Weltmeisterschaft 2030: Finale Ziele und Strategien der RFEF

Die RFEF intensiviert ihre Aktivitäten im Hinblick auf die Weltmeisterschaft 2030, während der FIFA-Präsident Gianni Infantino Spanien besucht, um die Fortschritte des Projekts zu prüfen.

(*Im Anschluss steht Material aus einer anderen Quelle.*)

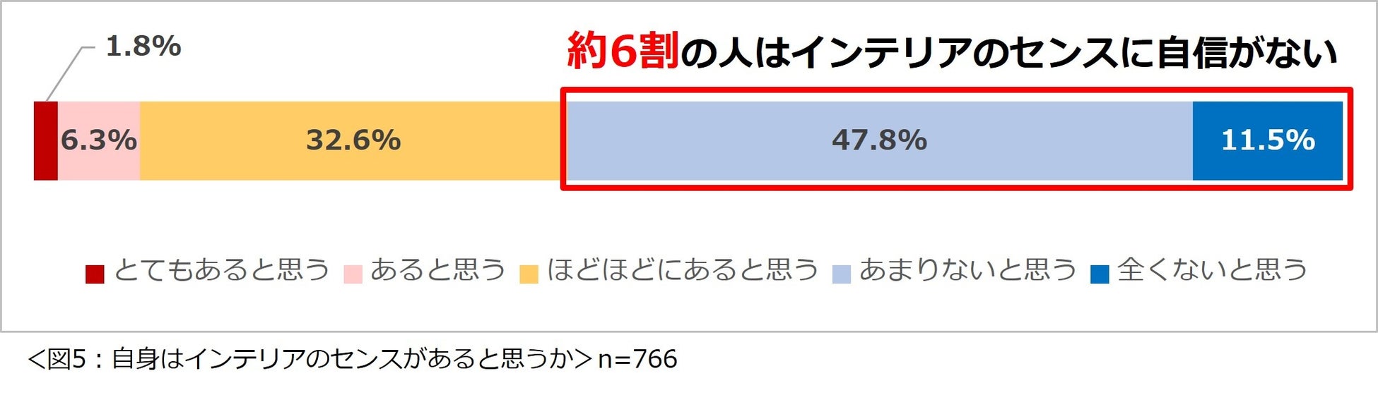 「自身はインテリアのセンスがあると思いますか?」と尋ねたところ、「あまりないと思う」と回答した人が最も多く約半数、「全くないと思う」(11.5%)と回答した人と合わせると、自身のインテリアセンスに自信がない人が約 6 割いることが分かりました。(図 5)

Weltmeisterschaft 2030: Finale Ziele und Strategien der RFEF

Laut Mundodeportivo.

Hintergrund

Die RFEF hat konkrete Maßnahmen ergriffen, um die WM 2030 zu einem Erfolg zu machen, indem sie die Infrastruktur in Städten wie Valencia und Vigo verbessert. Diese Städte sollen die Abgänge von La Coruña und Málaga ausgleichen und sind strategisch wichtig für die Durchführung des Turniers.

Warum das wichtig ist

Die Vorbereitungen der RFEF für die Weltmeisterschaft 2030 sind entscheidend, um sicherzustellen, dass Spanien seine Rolle als Hauptveranstalter mit 55 % der Verantwortung effektiv wahrnimmt. Der Besuch von FIFA-Präsident Gianni Infantino könnte wichtige Impulse für die Infrastruktur und Organisation des Turniers geben, insbesondere im Hinblick auf die Erfahrungen aus der WM 2026 in Nordamerika.

Wichtigste Erkenntnisse

  • Weltmeisterschaft 2030: Finale Ziele und Strategien der RFEF.
  • Die RFEF intensiviert ihre Aktivitäten im Hinblick auf die Weltmeisterschaft 2030, während der FIFA-Präsident Gianni Infantino Spanien besucht, um die Fortschritte des Projekts zu prüfen.
  • Mundial 2030: objetivo final.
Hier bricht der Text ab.